◆ **Dataset content**:
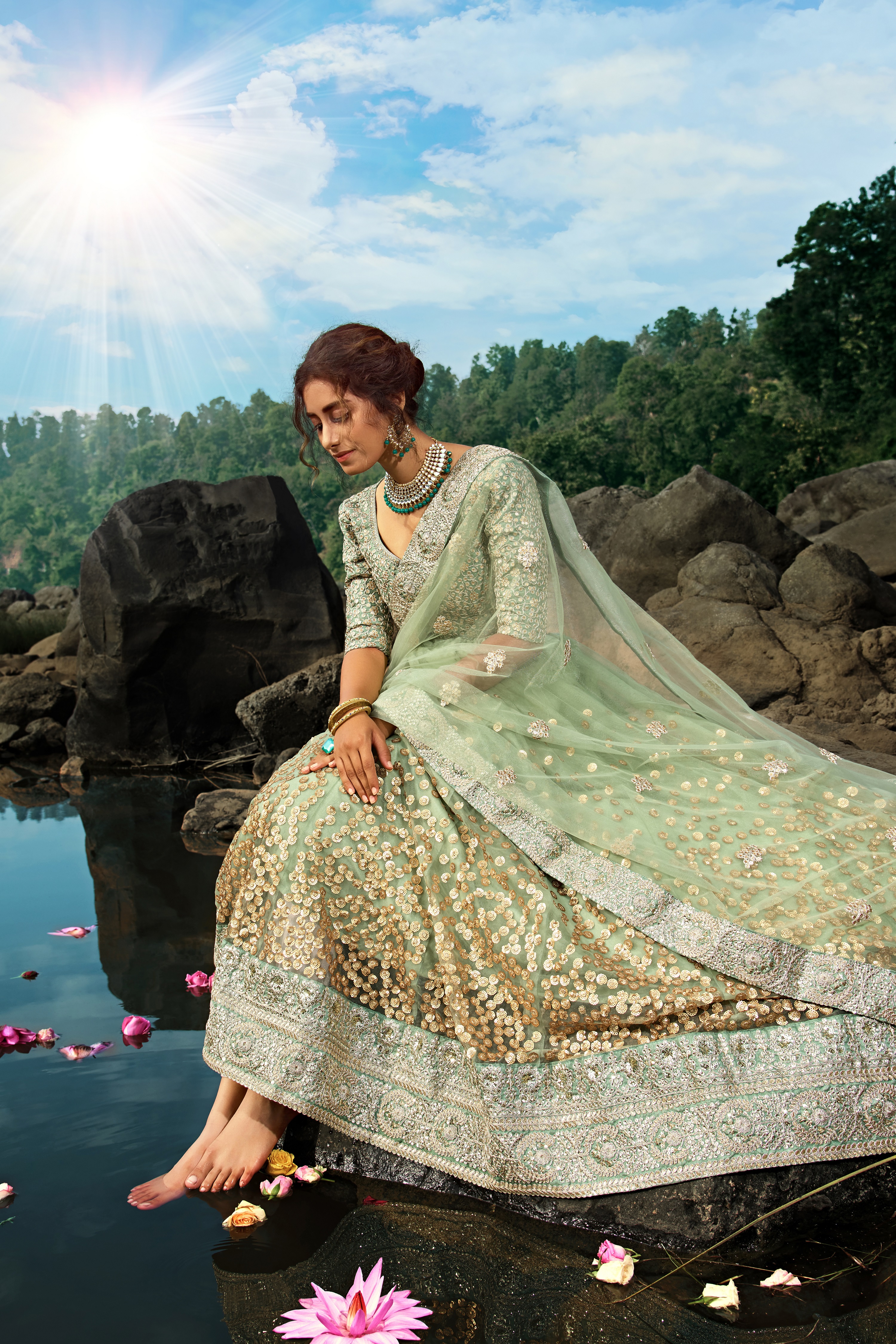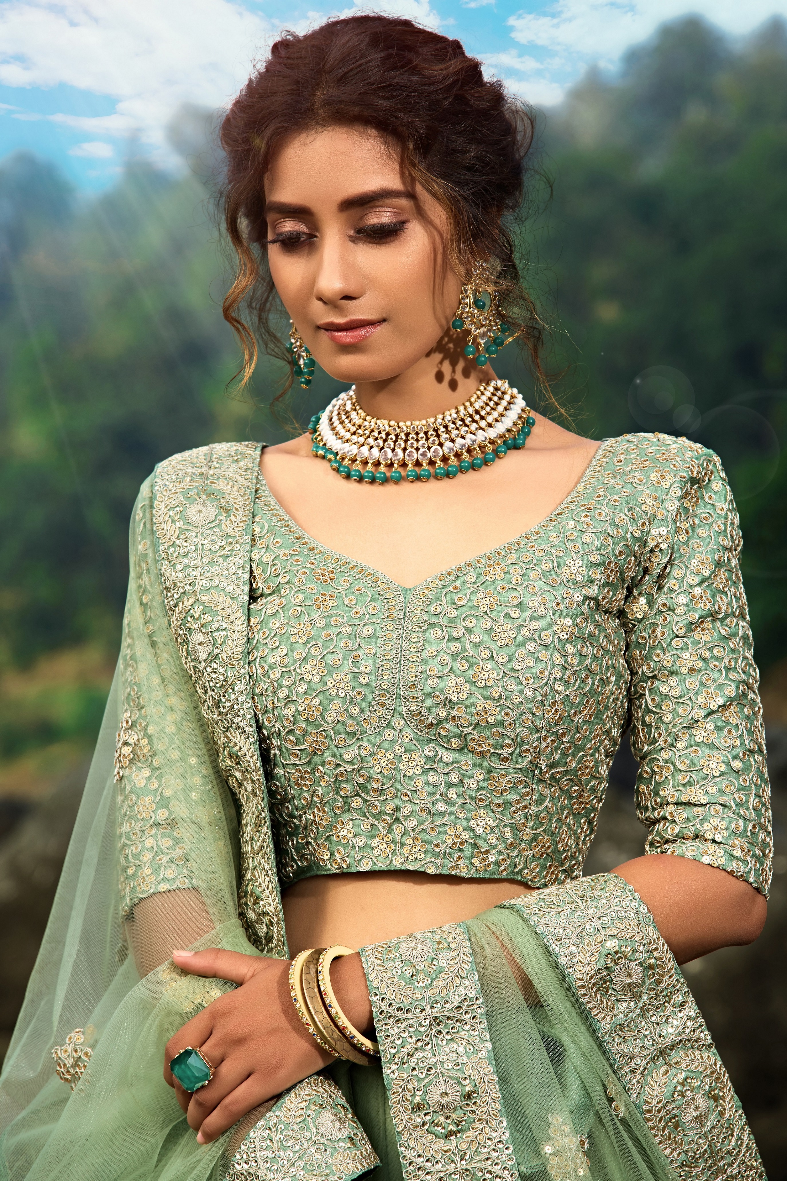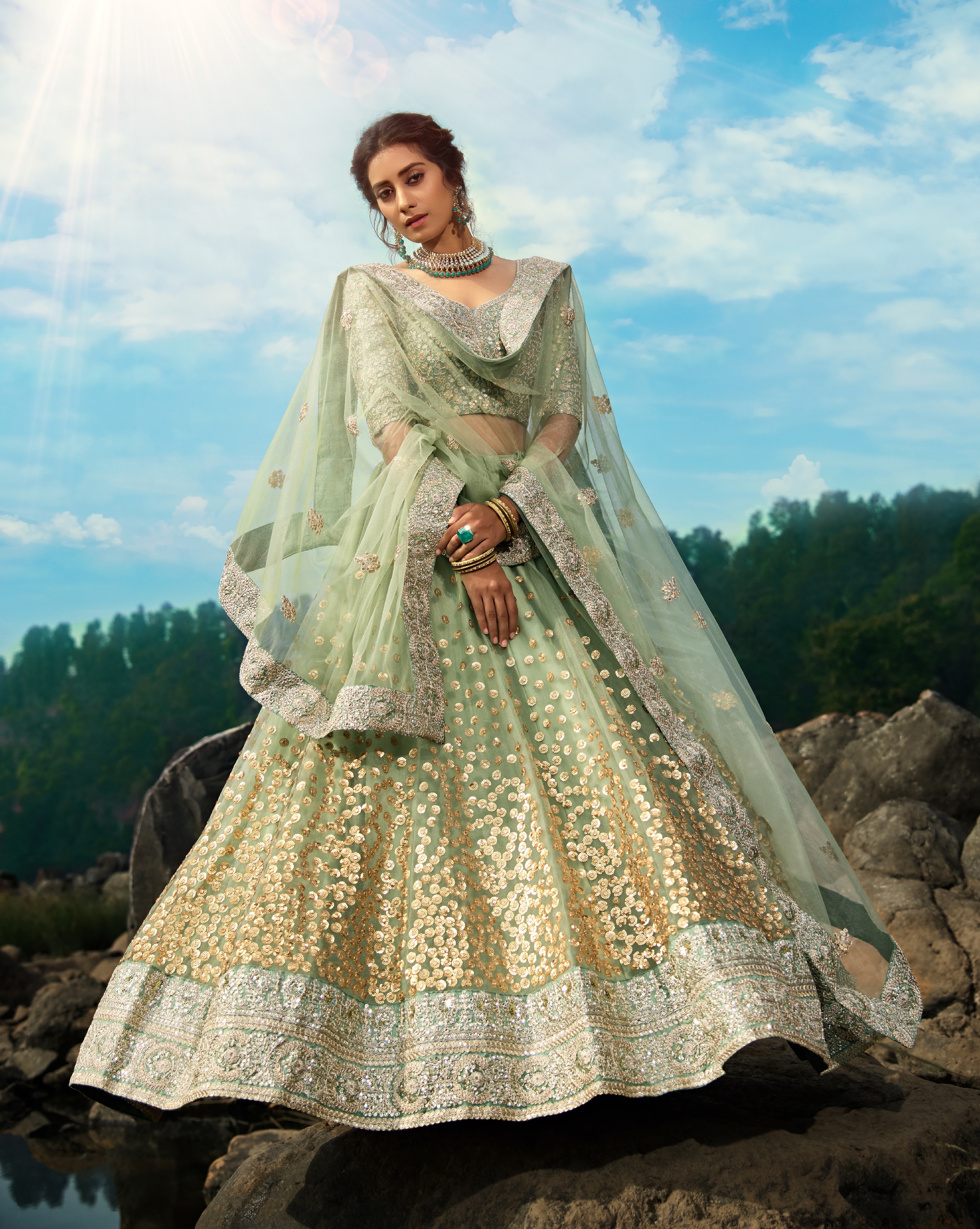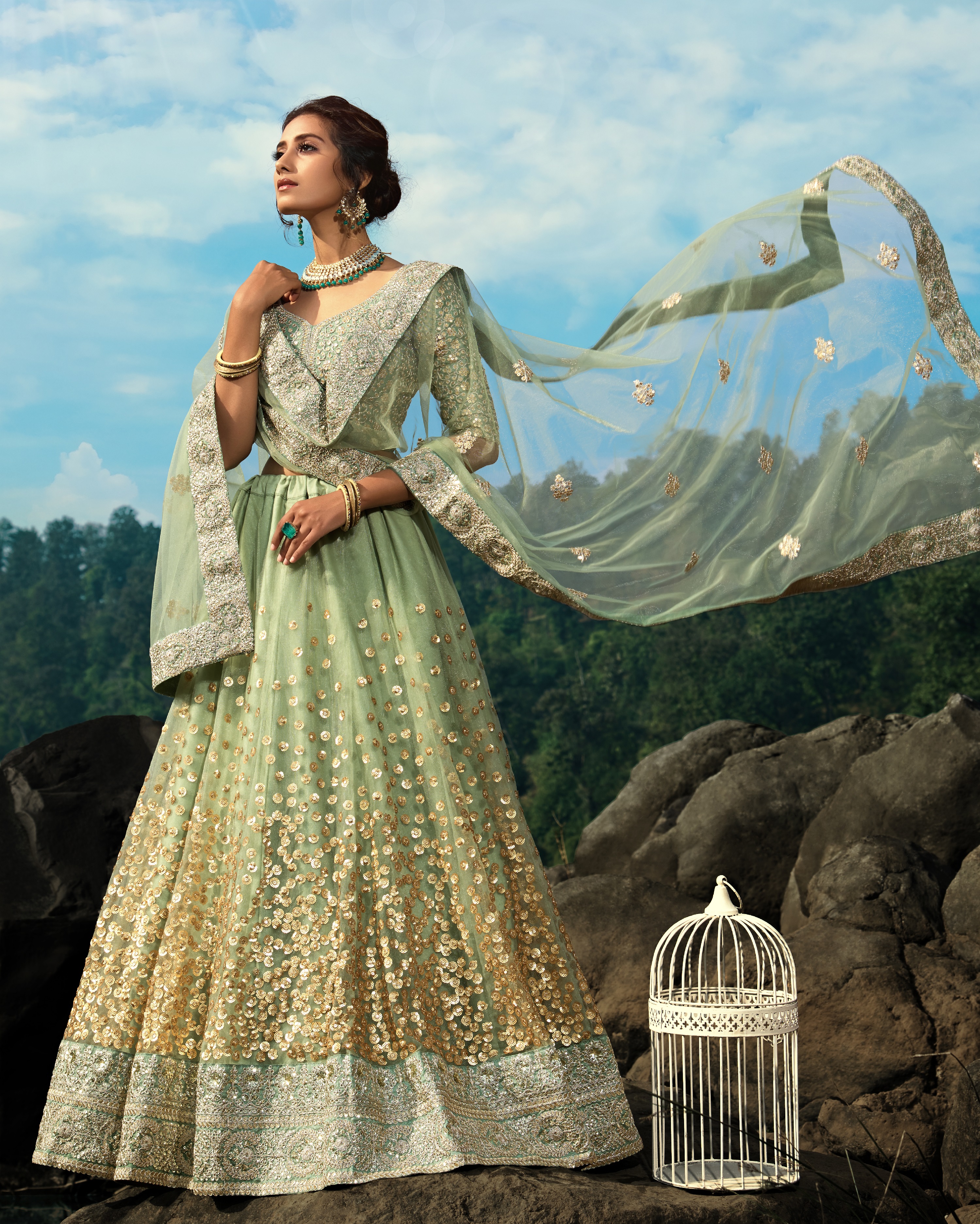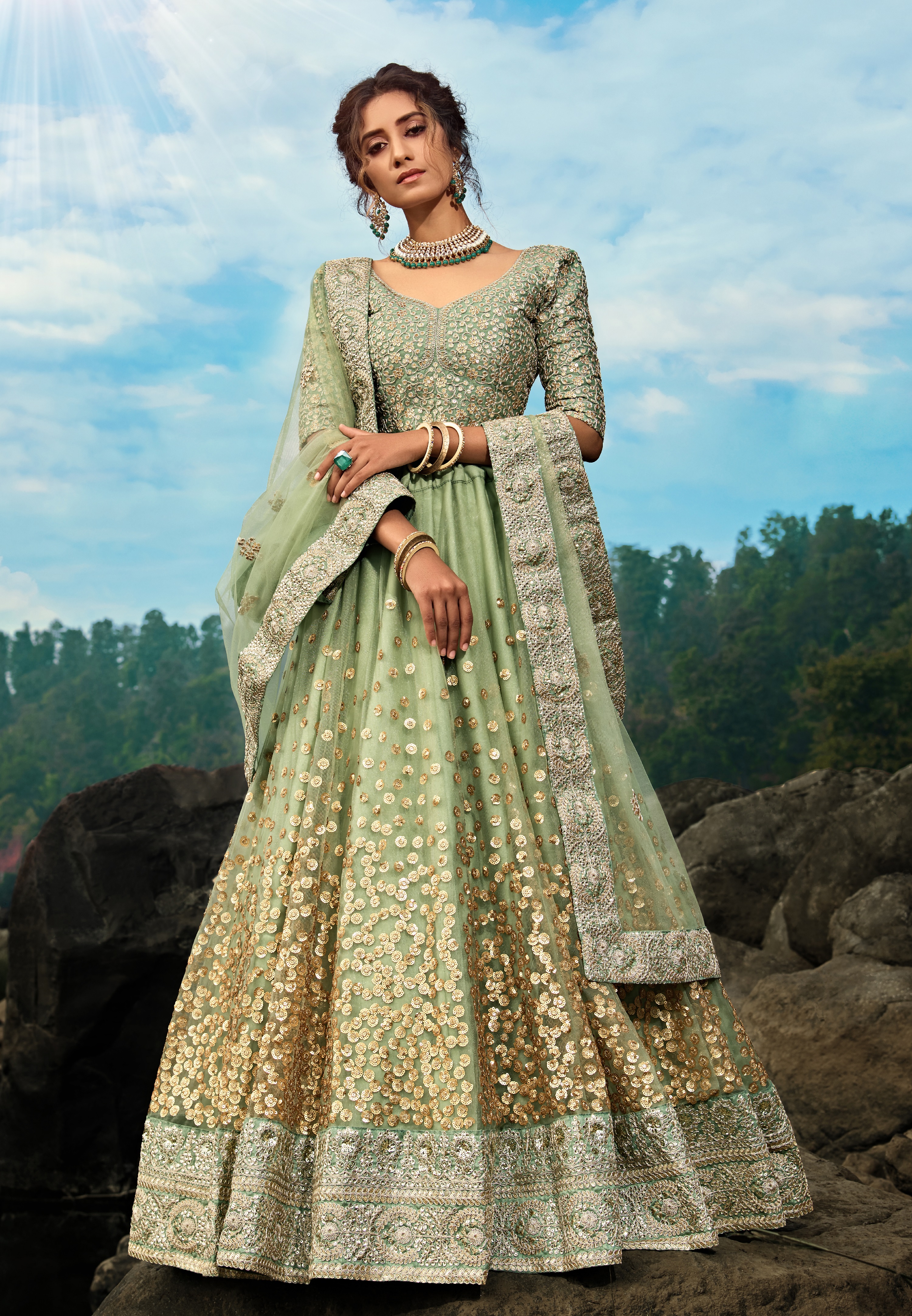Elevate your ethnic look with this green net lehenga featuring sequience work work. Designed for festive occasions and celebrations, it offers a graceful flow and timeless appeal.Crafted from lightweight net fabric with a semi-stitched finish, this lehenga ensures comfort and easy customization. Dry clean recommended.
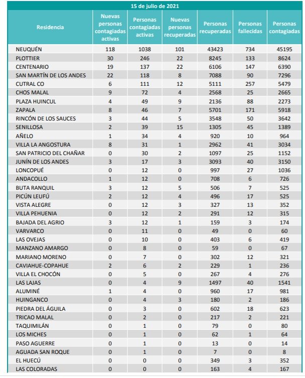 Los casos activos en la provincia son 2.164 mientras que la ocupación de las camas UTI en toda la provincia es del 84 %
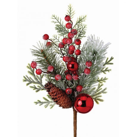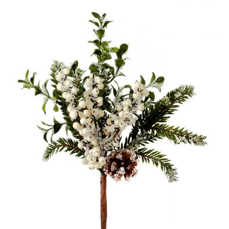 14" Iced Boxwood Berry + Fir Pick
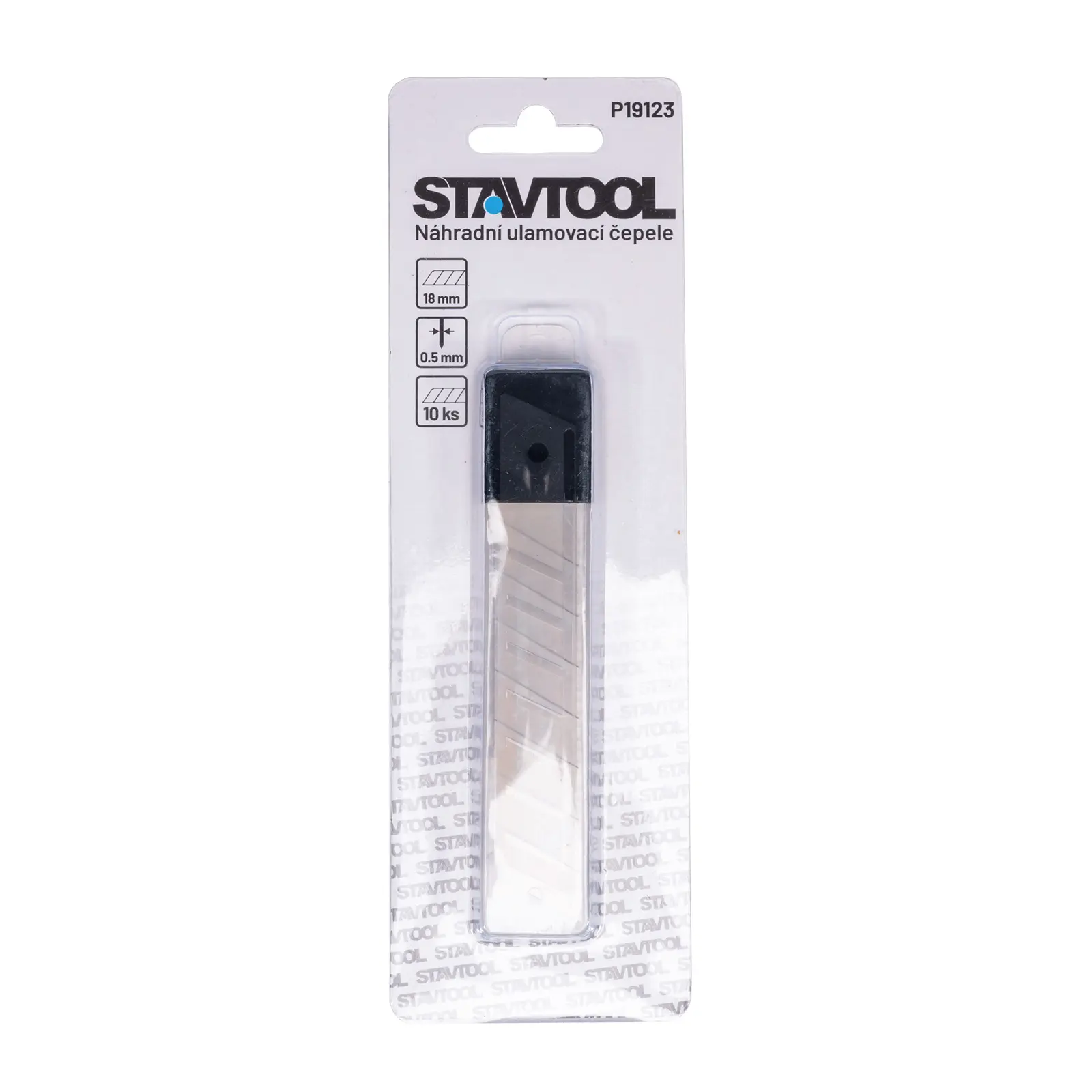 Náhradní čepele do ulamovacích nožů. Balení 10ks v plastové krabičce s okem pro zavěšení.

◆ **Directions for this task**: Print the material above exactly, skipping its images.

◆ **Solution below**:
Elevate your ethnic look with this green net lehenga featuring sequience work work. Designed for festive occasions and celebrations, it offers a graceful flow and timeless appeal.Crafted from lightweight net fabric with a semi-stitched finish, this lehenga ensures comfort and easy customization. Dry clean recommended.
 Los casos activos en la provincia son 2.164 mientras que la ocupación de las camas UTI en toda la provincia es del 84 %
 14" Iced Boxwood Berry + Fir Pick
 Náhradní čepele do ulamovacích nožů. Balení 10ks v plastové krabičce s okem pro zavěšení.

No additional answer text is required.